┌──

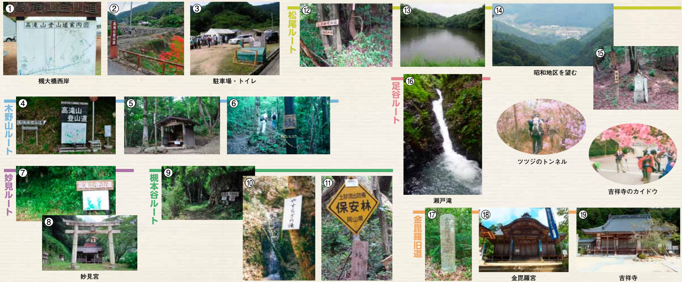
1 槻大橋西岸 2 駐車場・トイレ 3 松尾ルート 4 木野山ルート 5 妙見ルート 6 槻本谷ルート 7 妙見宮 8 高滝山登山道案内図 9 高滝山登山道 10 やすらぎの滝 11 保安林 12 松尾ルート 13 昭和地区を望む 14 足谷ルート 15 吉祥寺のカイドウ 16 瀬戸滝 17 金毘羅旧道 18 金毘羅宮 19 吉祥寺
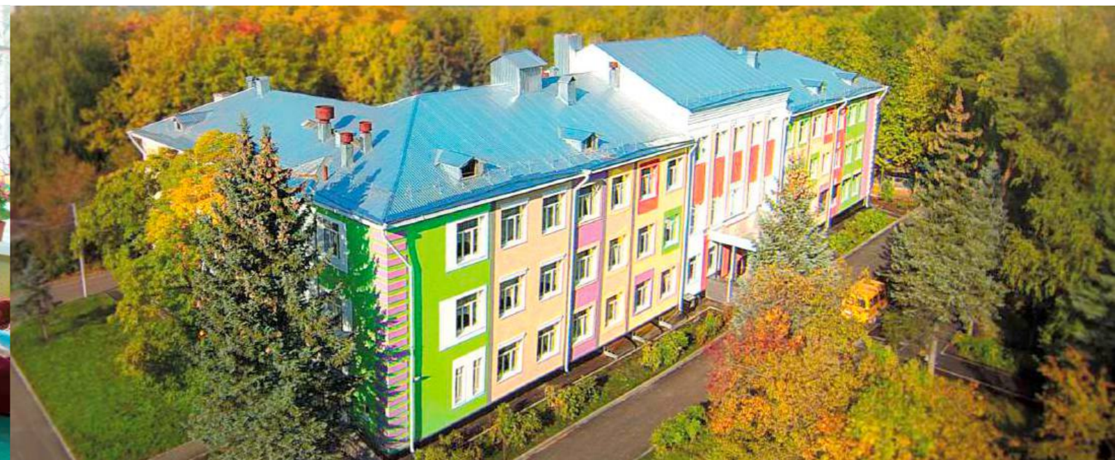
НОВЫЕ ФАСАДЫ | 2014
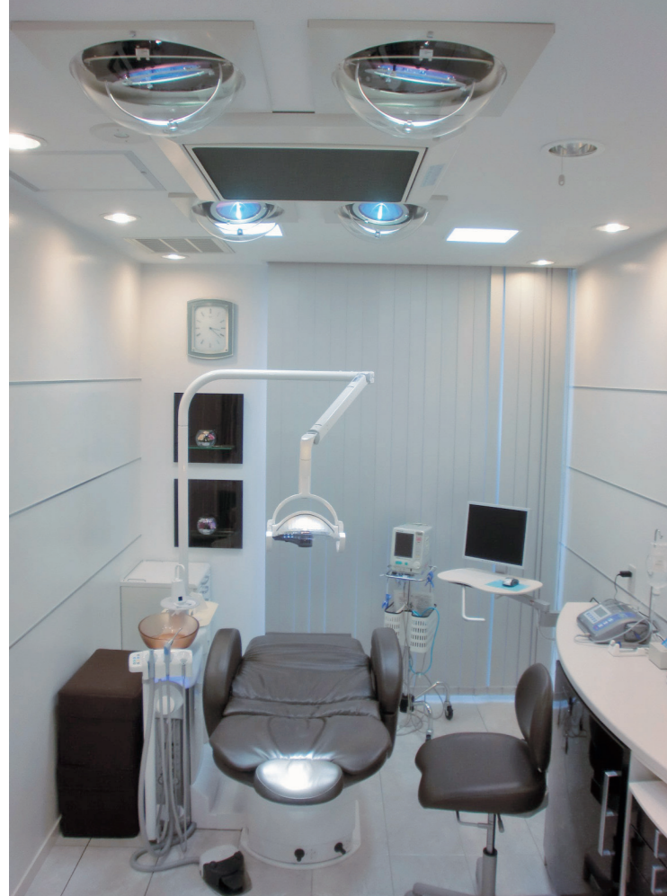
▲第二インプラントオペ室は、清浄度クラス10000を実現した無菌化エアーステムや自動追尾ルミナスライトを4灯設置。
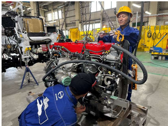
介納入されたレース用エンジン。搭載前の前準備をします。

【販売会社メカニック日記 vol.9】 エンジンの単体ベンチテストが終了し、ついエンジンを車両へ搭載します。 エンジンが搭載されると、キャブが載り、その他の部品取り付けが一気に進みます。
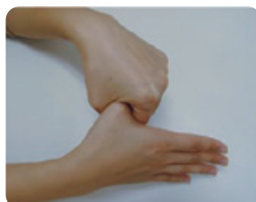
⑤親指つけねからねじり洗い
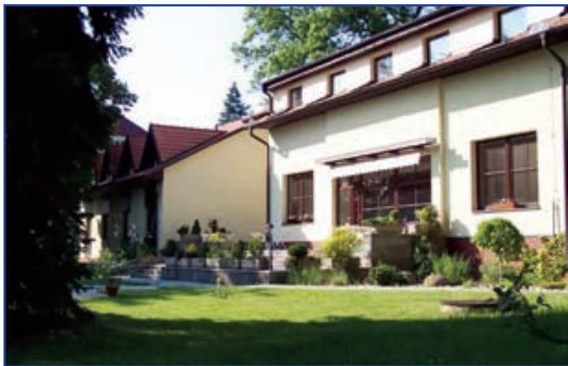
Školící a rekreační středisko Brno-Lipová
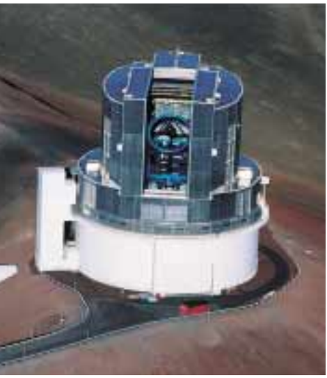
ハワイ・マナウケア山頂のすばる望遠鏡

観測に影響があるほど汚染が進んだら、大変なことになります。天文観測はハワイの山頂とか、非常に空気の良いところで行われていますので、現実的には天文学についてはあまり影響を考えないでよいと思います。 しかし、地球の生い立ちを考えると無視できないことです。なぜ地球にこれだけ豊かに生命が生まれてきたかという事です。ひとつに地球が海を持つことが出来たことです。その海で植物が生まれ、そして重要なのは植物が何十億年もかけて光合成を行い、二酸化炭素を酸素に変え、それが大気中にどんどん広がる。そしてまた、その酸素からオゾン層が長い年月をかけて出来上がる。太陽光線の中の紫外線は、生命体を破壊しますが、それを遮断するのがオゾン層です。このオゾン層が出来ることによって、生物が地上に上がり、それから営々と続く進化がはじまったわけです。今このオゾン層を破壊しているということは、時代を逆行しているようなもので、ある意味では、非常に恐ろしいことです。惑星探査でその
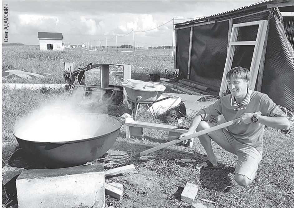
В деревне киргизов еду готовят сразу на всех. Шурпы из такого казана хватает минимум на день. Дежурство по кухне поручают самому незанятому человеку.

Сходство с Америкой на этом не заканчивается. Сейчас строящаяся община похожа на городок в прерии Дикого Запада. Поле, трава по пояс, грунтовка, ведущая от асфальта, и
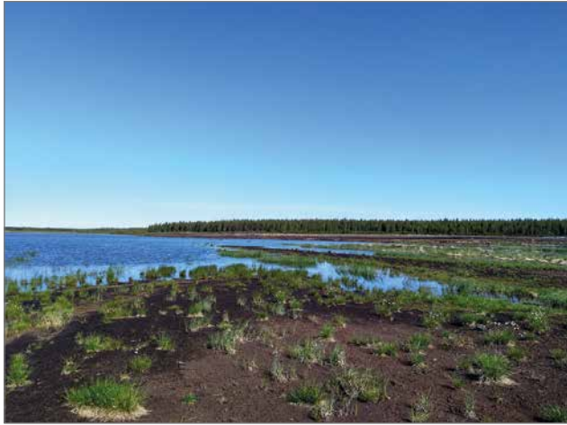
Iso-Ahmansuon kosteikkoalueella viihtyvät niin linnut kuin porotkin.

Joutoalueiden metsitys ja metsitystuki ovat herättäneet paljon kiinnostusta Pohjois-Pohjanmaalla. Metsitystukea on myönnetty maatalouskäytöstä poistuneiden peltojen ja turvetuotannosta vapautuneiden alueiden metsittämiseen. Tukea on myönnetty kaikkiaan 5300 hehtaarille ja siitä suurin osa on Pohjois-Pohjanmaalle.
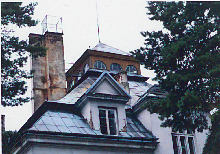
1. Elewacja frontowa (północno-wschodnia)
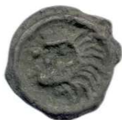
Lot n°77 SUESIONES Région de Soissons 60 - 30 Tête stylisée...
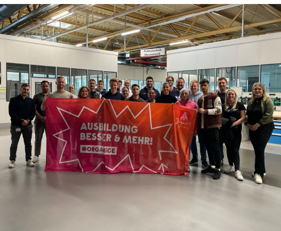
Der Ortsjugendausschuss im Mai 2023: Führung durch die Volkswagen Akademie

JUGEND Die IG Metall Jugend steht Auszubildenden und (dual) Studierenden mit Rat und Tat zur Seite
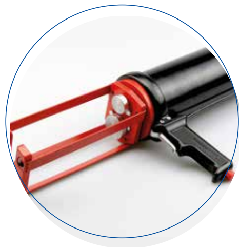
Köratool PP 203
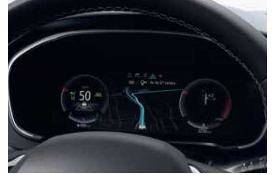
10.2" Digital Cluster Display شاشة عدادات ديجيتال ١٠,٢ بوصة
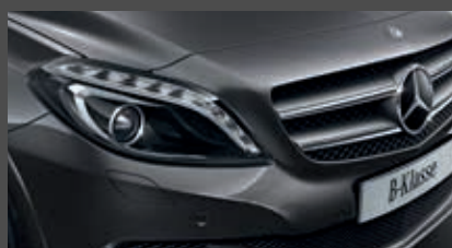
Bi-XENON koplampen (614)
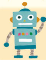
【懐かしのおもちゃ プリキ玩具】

└──

» What is being asked
Any images must be dropped; all other material is to be printed exactly.

» Solved problem
1 槻大橋西岸 2 駐車場・トイレ 3 松尾ルート 4 木野山ルート 5 妙見ルート 6 槻本谷ルート 7 妙見宮 8 高滝山登山道案内図 9 高滝山登山道 10 やすらぎの滝 11 保安林 12 松尾ルート 13 昭和地区を望む 14 足谷ルート 15 吉祥寺のカイドウ 16 瀬戸滝 17 金毘羅旧道 18 金毘羅宮 19 吉祥寺
НОВЫЕ ФАСАДЫ | 2014
▲第二インプラントオペ室は、清浄度クラス10000を実現した無菌化エアーステムや自動追尾ルミナスライトを4灯設置。
介納入されたレース用エンジン。搭載前の前準備をします。

【販売会社メカニック日記 vol.9】 エンジンの単体ベンチテストが終了し、ついエンジンを車両へ搭載します。 エンジンが搭載されると、キャブが載り、その他の部品取り付けが一気に進みます。
⑤親指つけねからねじり洗い
Školící a rekreační středisko Brno-Lipová
ハワイ・マナウケア山頂のすばる望遠鏡

観測に影響があるほど汚染が進んだら、大変なことになります。天文観測はハワイの山頂とか、非常に空気の良いところで行われていますので、現実的には天文学についてはあまり影響を考えないでよいと思います。 しかし、地球の生い立ちを考えると無視できないことです。なぜ地球にこれだけ豊かに生命が生まれてきたかという事です。ひとつに地球が海を持つことが出来たことです。その海で植物が生まれ、そして重要なのは植物が何十億年もかけて光合成を行い、二酸化炭素を酸素に変え、それが大気中にどんどん広がる。そしてまた、その酸素からオゾン層が長い年月をかけて出来上がる。太陽光線の中の紫外線は、生命体を破壊しますが、それを遮断するのがオゾン層です。このオゾン層が出来ることによって、生物が地上に上がり、それから営々と続く進化がはじまったわけです。今このオゾン層を破壊しているということは、時代を逆行しているようなもので、ある意味では、非常に恐ろしいことです。惑星探査でその
В деревне киргизов еду готовят сразу на всех. Шурпы из такого казана хватает минимум на день. Дежурство по кухне поручают самому незанятому человеку.

Сходство с Америкой на этом не заканчивается. Сейчас строящаяся община похожа на городок в прерии Дикого Запада. Поле, трава по пояс, грунтовка, ведущая от асфальта, и
Iso-Ahmansuon kosteikkoalueella viihtyvät niin linnut kuin porotkin.

Joutoalueiden metsitys ja metsitystuki ovat herättäneet paljon kiinnostusta Pohjois-Pohjanmaalla. Metsitystukea on myönnetty maatalouskäytöstä poistuneiden peltojen ja turvetuotannosta vapautuneiden alueiden metsittämiseen. Tukea on myönnetty kaikkiaan 5300 hehtaarille ja siitä suurin osa on Pohjois-Pohjanmaalle.
1. Elewacja frontowa (północno-wschodnia)
Lot n°77 SUESIONES Région de Soissons 60 - 30 Tête stylisée...
Der Ortsjugendausschuss im Mai 2023: Führung durch die Volkswagen Akademie

JUGEND Die IG Metall Jugend steht Auszubildenden und (dual) Studierenden mit Rat und Tat zur Seite
Köratool PP 203
10.2" Digital Cluster Display شاشة عدادات ديجيتال ١٠,٢ بوصة
Bi-XENON koplampen (614)
【懐かしのおもちゃ プリキ玩具】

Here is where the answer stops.